WHAT YOU NEED TO DO: Could you write out the listing below exactly as it stands, leaving out the pictures?
---------- DATA UNDER STUDY
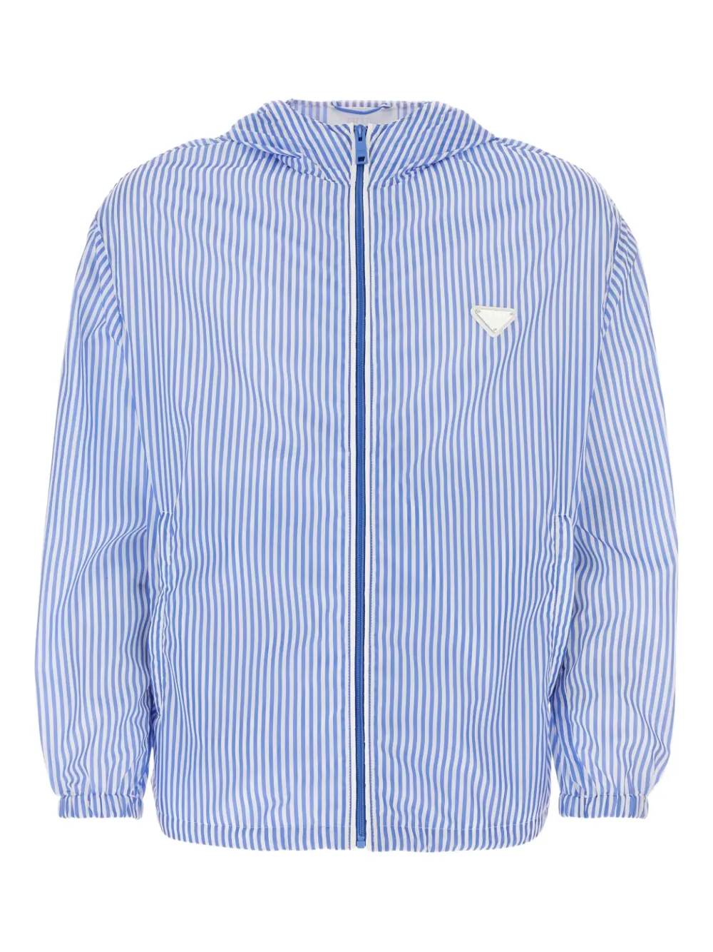 bleu clair rayures blanches fermeture zippée encolure à capuche manches longues poignets élastiqués
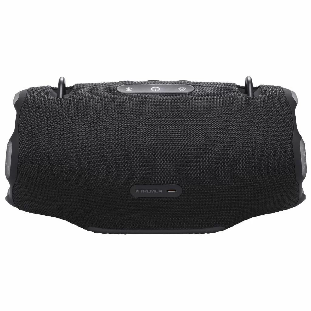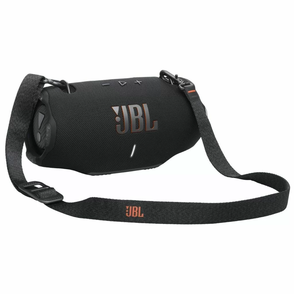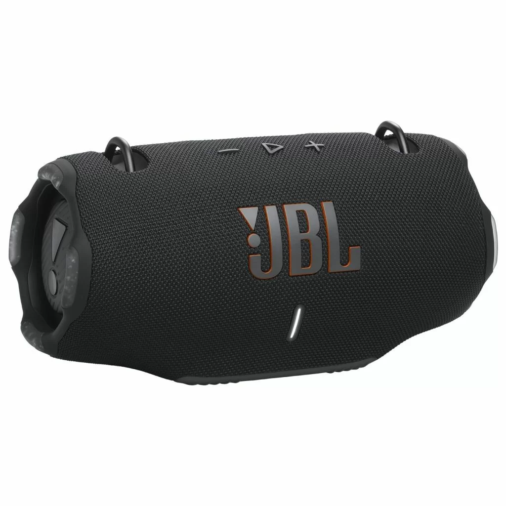В комплект JBL Xtreme 4 входят сама колонка, зарядный кабель и документация. Колонка выполнена из высококачественных материалов: ткань, пластик и резина. Прочные металлические крепления для ремня позволяют носить её на плече, освобождая руки. Весит колонка всего 2 кг, что делает её удобной для переноски.
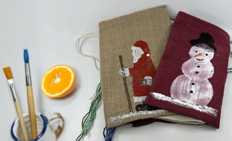 Mit einfacher Drucktechnik gestalten wir einen Chlaussack, in dem Esswaren vom Samichlaus oder Weihnachtsgeschenke Platz finden.
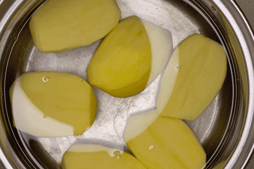 Peel the potatoes, cut them, cover with water, and boil until cooked.
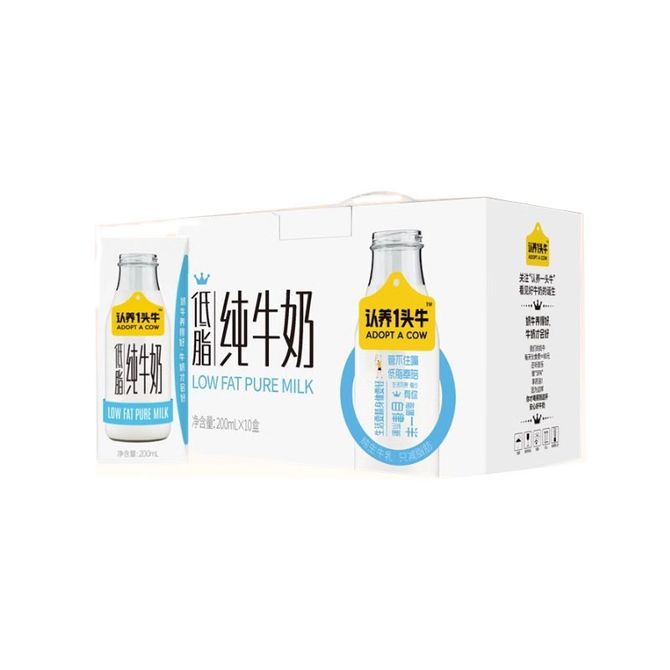 认养一头牛ADOPT A COW 低脂纯牛奶200ml*10盒*1箱早餐奶 Q 脂喝一半 自律不断 兑换价格 1700 里程 会员卡别 终身白金卡 白金卡 金卡 银卡 普通卡 儿童卡 服务 由 致良优选 发货并提供售后 规格: 礼盒 购买数量: 件 库存件 配送地址: 立即购买 加入购物车 成功添加到购物车 关闭 购物车共有 种商品 总金额为: 组合销售 产品介绍 产品规格 售后服务 产品咨询 发现好货 蒙牛 特仑苏纯牛奶苗条装250ml×12盒 2900 里程 三元 经典小方白全脂纯牛奶250ml*24盒牛奶 整箱 3400 里程 伊利金典纯牛奶250ml*12盒整箱 2200 里程 三元 极致 全脂纯牛奶250ml*12盒 优质乳蛋白 恪守天然亲和 2900 里程 伊利 金典纯牛奶整箱 250ml*12盒 原生高钙3.6g乳蛋白 2000 里程
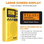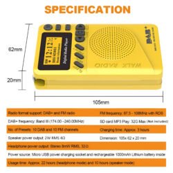 This sleek device does more than just play radio. It features a built-in speaker, SD card slot for MP3 playback, and a 1.44″ LCD screen to clearly display station info, song data, and time. With a rechargeable battery that lasts up to 22 hours in headphone mode, it’s a dependable companion for long outings, travel, and even around the house. Quick and smart auto scanning takes the hassle out of tuning — just turn it on and let it do the work.
--------------------
RESPONSE TO THE TASK:
 bleu clair rayures blanches fermeture zippée encolure à capuche manches longues poignets élastiqués
В комплект JBL Xtreme 4 входят сама колонка, зарядный кабель и документация. Колонка выполнена из высококачественных материалов: ткань, пластик и резина. Прочные металлические крепления для ремня позволяют носить её на плече, освобождая руки. Весит колонка всего 2 кг, что делает её удобной для переноски.
 Mit einfacher Drucktechnik gestalten wir einen Chlaussack, in dem Esswaren vom Samichlaus oder Weihnachtsgeschenke Platz finden.
 Peel the potatoes, cut them, cover with water, and boil until cooked.
 认养一头牛ADOPT A COW 低脂纯牛奶200ml*10盒*1箱早餐奶 Q 脂喝一半 自律不断 兑换价格 1700 里程 会员卡别 终身白金卡 白金卡 金卡 银卡 普通卡 儿童卡 服务 由 致良优选 发货并提供售后 规格: 礼盒 购买数量: 件 库存件 配送地址: 立即购买 加入购物车 成功添加到购物车 关闭 购物车共有 种商品 总金额为: 组合销售 产品介绍 产品规格 售后服务 产品咨询 发现好货 蒙牛 特仑苏纯牛奶苗条装250ml×12盒 2900 里程 三元 经典小方白全脂纯牛奶250ml*24盒牛奶 整箱 3400 里程 伊利金典纯牛奶250ml*12盒整箱 2200 里程 三元 极致 全脂纯牛奶250ml*12盒 优质乳蛋白 恪守天然亲和 2900 里程 伊利 金典纯牛奶整箱 250ml*12盒 原生高钙3.6g乳蛋白 2000 里程
 This sleek device does more than just play radio. It features a built-in speaker, SD card slot for MP3 playback, and a 1.44″ LCD screen to clearly display station info, song data, and time. With a rechargeable battery that lasts up to 22 hours in headphone mode, it’s a dependable companion for long outings, travel, and even around the house. Quick and smart auto scanning takes the hassle out of tuning — just turn it on and let it do the work.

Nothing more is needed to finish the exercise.